Jennifer Carr, deputy administrator of the Nevada Division of Environmental Protection, speaking on behalf of the Nevada Farm Bureau Federation, said the case-by-case approach to making Clean Water Act determinations creates uncertainty for ag producers.

In addition, she said any efforts to regulate groundwater through the Clean Water Act would be misguided.

"When the Army Corps has sought to find out whether a ditch has replaced a prior natural drainage to decide whether or not it might be jurisdictional as a tributary, sometimes historic maps may exist that predate the construction of these ditches, and sometimes those maps and things have just been lost to the ages when it comes to identifying tributaries in this environment," she said.

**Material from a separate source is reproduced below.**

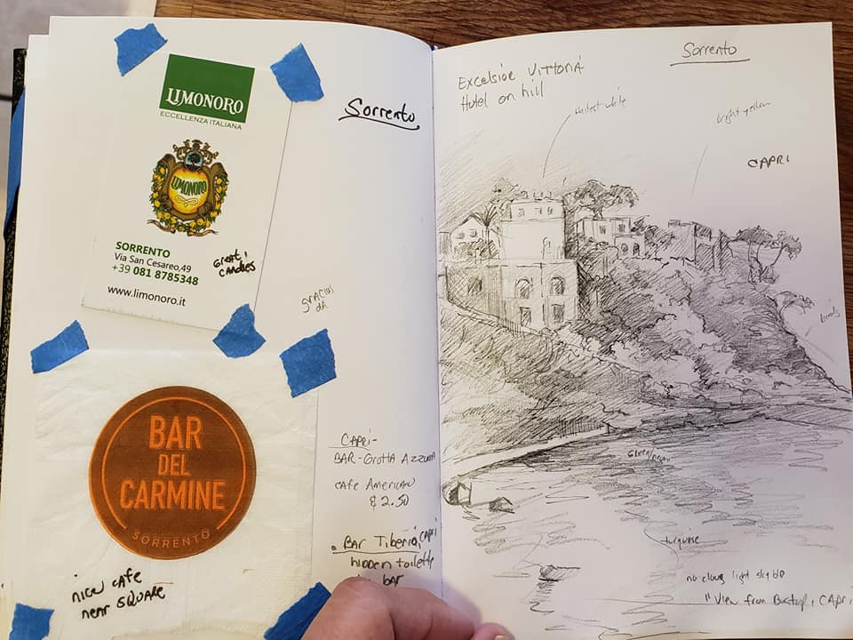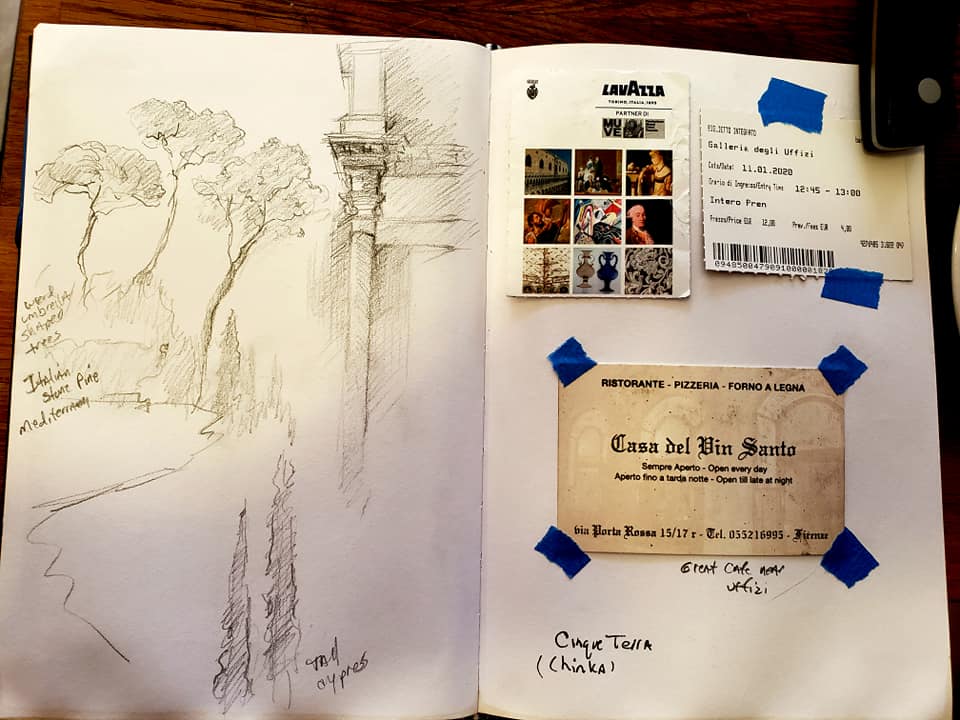 ITALY DREAMSCAPE: This trip really was like a dream. I kept thinking that I have been here before and in fact, I have in the many many books, movies and art of Italy. I can not believe I waited so long to experience this beautiful country. It is every bit as glorious as I had imagined. Each city is so different in character. Thank you Prof. Christine Rai and Prof. Tiziana Cavinato of FCC and our wonderful guide Nancy from Explorica and a special thanks to my daughter Kelli Summers for making this trip happen. Today is my 70th birthday and I can honestly say I do not feel the age but I did feel my old bones not being able to keep up with the young collegiate group from Frederick Community College who we were with on the trip. The pace was hard to maintain and actually not preferable for an artist, as there literally was no block of real time for painting. I did manage to sketch though and enjoyed recording my sensations in a small sketchbook. A typical day jampacked with every ounce of touring you can think of. ROME: today we saw The Sistene Chapel, St. Peter’s Basilica, St.Peters Square, the Coliseum, the Forum. Yesterday The Pantheon, Spanish steps, Trevi fountain. Wayyyyyy too much walking but sure got my money’s worth. No waiting in long lines either.January was a very good time to visit because the crowds were fewer albeit a little chilly. I loved it all….Venice, Florence, Rome, Assisi, Sorrento, Verona, Pompeii and Capri. Bellissimo! Will return someday.

Carr said case-by-case determinations are "onerous and time-consuming" and landowners "lose clarity" on which waters may be jurisdictional.

EPA's 2015 connectivity report asserted that lakes and reservoirs may contribute to groundwater, which eventually contributes to other surface water flows. Carr said there was no cause for making groundwater jurisdictional.

"The vastness of Western topography really needs to be considered carefully when considering upland lakes," she told the agencies.

"Now, in regard to ephemeral waters, the character of ephemeral waters in Nevada can vary even within our own state," Carr said. "I think, across the country, the (federal agencies) staff, especially maybe in Washington D.C., have very different mental models on what our country looks like based on their life experience."

In the West, Carr said, rainstorms often get "hung up on" mountaintops and provide a "significant amount" of precipitation.

"These ranges are in the hillsides and can carry flow," she said. "But, oftentimes, we have bridges, femoral water bodies that can go decades between flood-flow events. Just because a line can be drawn on a map that takes water theoretically from a hillside to jurisdictional waters downhill doesn't mean that that line should be drawn."

In addition, Carr said there are concerns that new WOTUS definitions could affect water rights in the West.

"An agricultural producer may not have a senior enough water right to be able to put that land in production, and so it may come out of production and become dry and potentially revert out of cropland status merely because they don't have the right to call for water," she said.

"So, any discussion about prior-converted cropland has to have a real recognition of how Western water rights and water law works."


Amanda Kaster, director of the Montana Department of Natural Resources, said during the roundtable that any change to WOTUS would need to recognize states' roles in preserving water resources.

"The jurisdiction of the federal agencies is not boundless, as was specifically recognized by the Congress in the passage of the Clean Water Act," she said.

When it comes to Montana waters, Kaster said there are concerns a new definition could affect wetlands that are not adjacent to otherwise navigable waters such as lakes and streams. In addition, she said WOTUS changes to ditches, potholes, ephemeral and other intermittent waters could have broad effects on landowners across the state.

The federal agencies have three final WOTUS panels scheduled for this week, including a panel hosted by the Natural Resources Defense Council on Tuesday; the North Carolina Farm Bureau Federation on Thursday; and on Friday, the final panel hosted by the Wyoming County Commissioners Association, Montana Association of Counties and the Idaho Association of Counties.